In this final video in the series we go over how to generate new inputs for a program once we detect a user-influenced conditional branch. At the end there is also an example of the type of condition/resulting formula that we get from working on a real file parser, in this case libwebp.
(You probably want to click the “Watch on YouTube” option on the bottom right of the video and set the quality to 720p)
Conclusion
This type of emulation, input generation and formula checking does not need to be limited to conditional jumps. As I discussed in a previous post you can use a similar approach to discover variable ranges, check for variable relationships and assist in figuring out complex algorithms. For example, one could generate a query to the solver every time an argument to malloc is found to be influenced by the user, or export a list of all functions that operate on user-influenced data to IDA for manual review. (In fact, a light-weight version of this approach in combination with fuzzing and an IDA importer is possibly more generally useful to an individual auditor than going down the route of full on whitebox fuzzing. More on that later =))
Anyway, I hope these videos provide some insight into how a whitebox fuzzer might work as well as one approach to building a symbolic emulator. To give an idea of the effort involved – the combined whitebox fuzzing, trace parsing and emulation code (along with supporting libraries) comes to around 10,000 lines of Python. Of this, the emulator itself is only 3000 lines or so. The PIN tracer is just under 1000 lines of C++.
Tracing is currently fairly unoptimised and parsing something like a video or image while tracing can result in a factor of 10-100 increase in running time.

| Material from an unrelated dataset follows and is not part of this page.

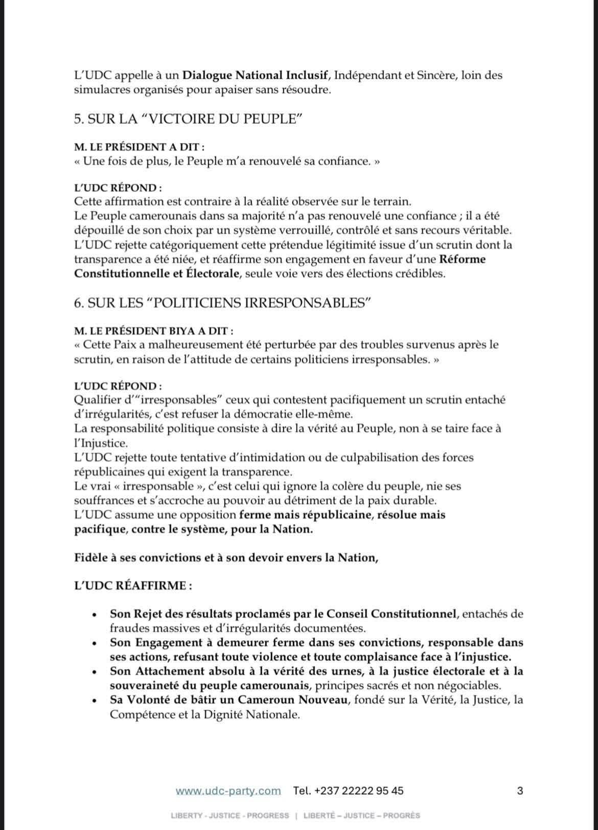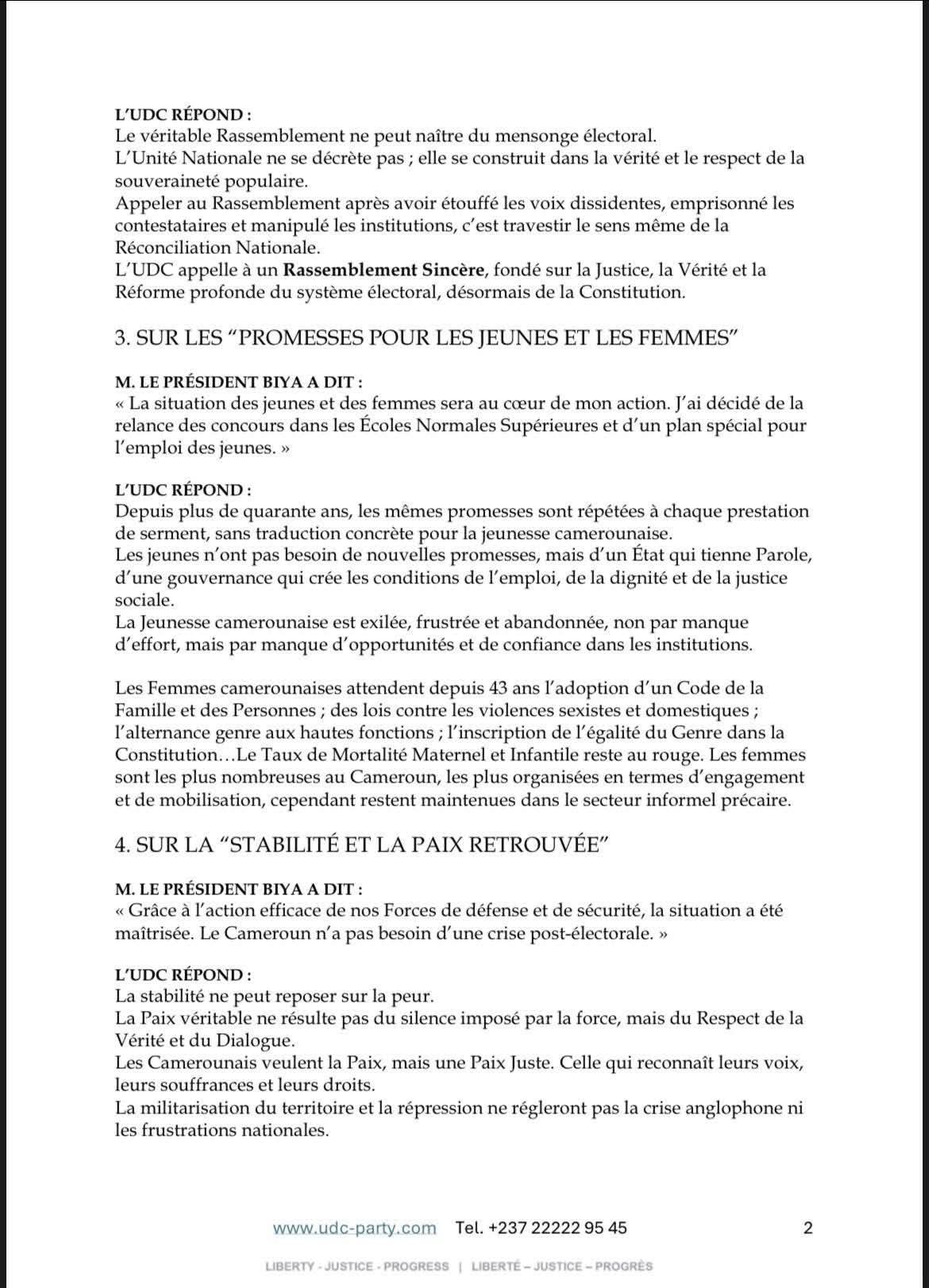 La première salve de l'UDC vise la notion de « maturité démocratique » évoquée par Paul Biya. L'opposition rétorque que la démocratie a été non pas célébrée, mais « confisquée » par un mécanisme électoral qui a dénaturé la volonté claire du peuple. Pour l'UDC, qualifier d'« irresponsables » ceux qui contestent pacifiquement un scrutin aussi vicié relève du cynisme et d'une tentative de dédouanement de l'État face à l'injustice. L'UDC réaffirme sa position d'une opposition ferme mais républicaine, dont la responsabilité première est d'apporter la vérité au peuple .

This usually means a wait of 30 seconds, which isn’t too bad for whitebox fuzzing as tracing is not performed too often but for other uses of a symbolic emulator (like tracing while fuzzing normally) this will require some work. The emulator itself is Python based and as such is not lightning fast. In the default run-mode it emulates ~5000 instructions per second. What this translates to is about 30-40 minutes per trace of an average file parser. This isn’t as bad as you might think however as the tests cases generated tend to be much more effective at hitting new code than what you would get from dumb fuzzing. Despite this we still need performance gains and I’m working on a few different solutions for that. Somewhere around 30,000+ instructions per second would be what I would consider approaching acceptable =)
To preempt the inevitable questions – for now JESTER is not publicly available but that may change in the future. It’s very much a research prototype at the moment where we’re testing out several approaches to improving performance and general usefulness. However, if you are interested in working on this type of research post a comment with a contact address (it won’t appear publicly) as I’m fairly sure we are currently hiring.
Hi Sean,
I enjoyed watching the videos. It looks like a nice tool.
In the interpreter, did you write the code for the individual
instructions by hand or did you auto generate it from a specification?
How complete is the emulator?
Checking the results of the interpretation against the concrete values
from the trace is a good idea. I’ve written some similar tools but
never thought to do that. Do you need those concrete values for
anything else? If not, I guess you can shrink the trace-size
considerably.
Hey, I hand-coded the handler for each instruction. This is not ideal of course but at the time I figured it would be just as much effort to draw up a spec detailing instruction semantics then have a generator for that. In January I was at an academic conference where there seemed to be an interest in having a formal semantic specification for x86, ARM etc so hopefully something will come of that and we can all stop re-coding these things from the ground up.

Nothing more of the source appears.